*DIRECTIONS FOR THIS TASK*
Output the whole listing exactly, with no pictures.

*INFORMATION SHOWN*

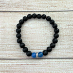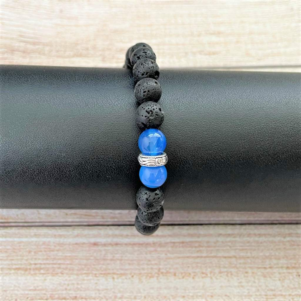 Black Lava and Blue Agate Mens Beaded Bracelet
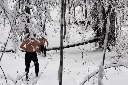 Bursa'da kar yağışı etkili oldu. Uludağ'ın eteklerinin kar tutması sebebiyle ormanlık alanda iki kafadar eğlenceyi zirveye taşıdı. Hava sıcaklığının eksi dereceleri gördüğü Kaplıkaya'da iki arkadaş, yarı çıplak bir şekilde karın tadını çıkardı. İki kafadar yarı çıplak şekilde kara gömülürken, koşarak da spor yaptı.
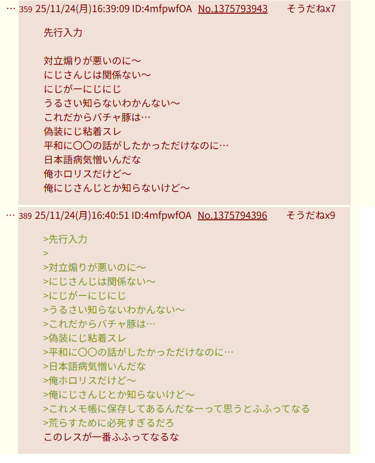| … | 2525/12/24(水)20:52:47No.1385796099そうだねx14そもそもにじ有でにじリスがハヤト連呼して荒らしてるの自白してただろ |

*RESULT OF THE EXERCISE*
 Black Lava and Blue Agate Mens Beaded Bracelet
 Bursa'da kar yağışı etkili oldu. Uludağ'ın eteklerinin kar tutması sebebiyle ormanlık alanda iki kafadar eğlenceyi zirveye taşıdı. Hava sıcaklığının eksi dereceleri gördüğü Kaplıkaya'da iki arkadaş, yarı çıplak bir şekilde karın tadını çıkardı. İki kafadar yarı çıplak şekilde kara gömülürken, koşarak da spor yaptı.
| … | 2525/12/24(水)20:52:47No.1385796099そうだねx14そもそもにじ有でにじリスがハヤト連呼して荒らしてるの自白してただろ |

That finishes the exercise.